The problem
Please retype the data in full and exactly; the pictures are not part of the copy.

Given material
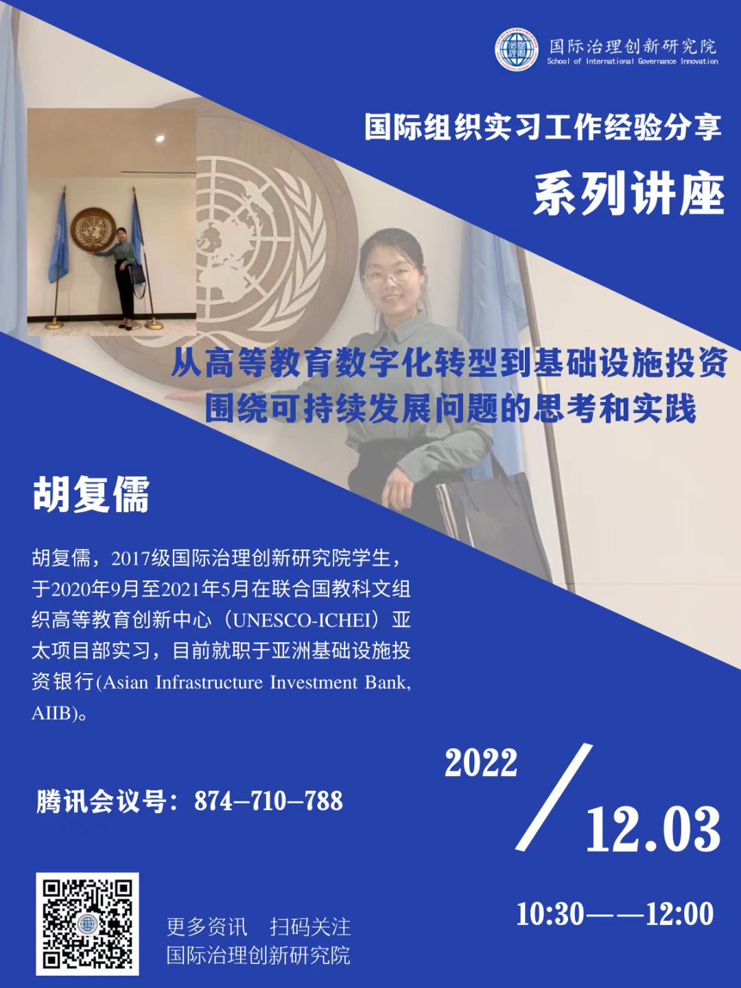 2022年12月3日,国际治理创新研究院将邀请2017级学子黄梁峻、胡复儒出席“国际组织实习工作经验分享系列讲座”。黄梁峻同学将介绍他在联合国开发计划署亚太办事处的实习工作情况,分享的题目是“在联合国开发计划署开启数字经济研究之路”;胡复儒同学将介绍她在联合国教科文组织实习以及在亚洲基础设施投资银行的工作情况,她演讲的题目是“从高等教育数字化转型到基础设施投资,围绕可持续发展问题的思考和实践”,欢迎老师同学们参加。
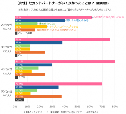 ・ セカンドパートナーは現在、既婚者以外の独身カップルにも広がっている様子ですが、今回の調査は本来の意味に則して対象を既婚者に限定しました。
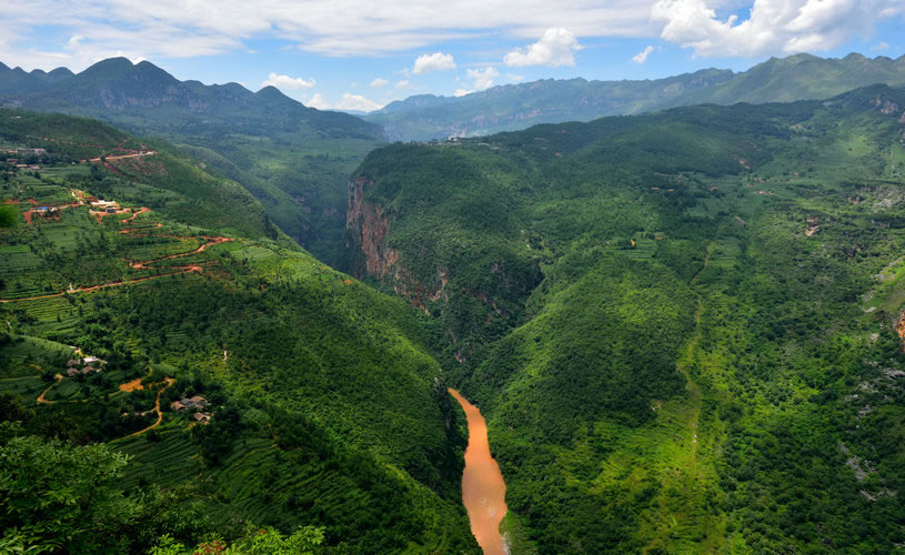 尼珠河大峽谷位于云南省宣威市普立鄉(xiāng)(尼珠河在上游叫可渡河,名為可渡,當地也稱泥豬河),上至木通河大橋,下至臘龍岔河,是北盤江上的一條支流,是宣威境內最恢弘、最秀美、最神奇的大峽谷。

Written solution
 2022年12月3日,国际治理创新研究院将邀请2017级学子黄梁峻、胡复儒出席“国际组织实习工作经验分享系列讲座”。黄梁峻同学将介绍他在联合国开发计划署亚太办事处的实习工作情况,分享的题目是“在联合国开发计划署开启数字经济研究之路”;胡复儒同学将介绍她在联合国教科文组织实习以及在亚洲基础设施投资银行的工作情况,她演讲的题目是“从高等教育数字化转型到基础设施投资,围绕可持续发展问题的思考和实践”,欢迎老师同学们参加。
 ・ セカンドパートナーは現在、既婚者以外の独身カップルにも広がっている様子ですが、今回の調査は本来の意味に則して対象を既婚者に限定しました。
 尼珠河大峽谷位于云南省宣威市普立鄉(xiāng)(尼珠河在上游叫可渡河,名為可渡,當地也稱泥豬河),上至木通河大橋,下至臘龍岔河,是北盤江上的一條支流,是宣威境內最恢弘、最秀美、最神奇的大峽谷。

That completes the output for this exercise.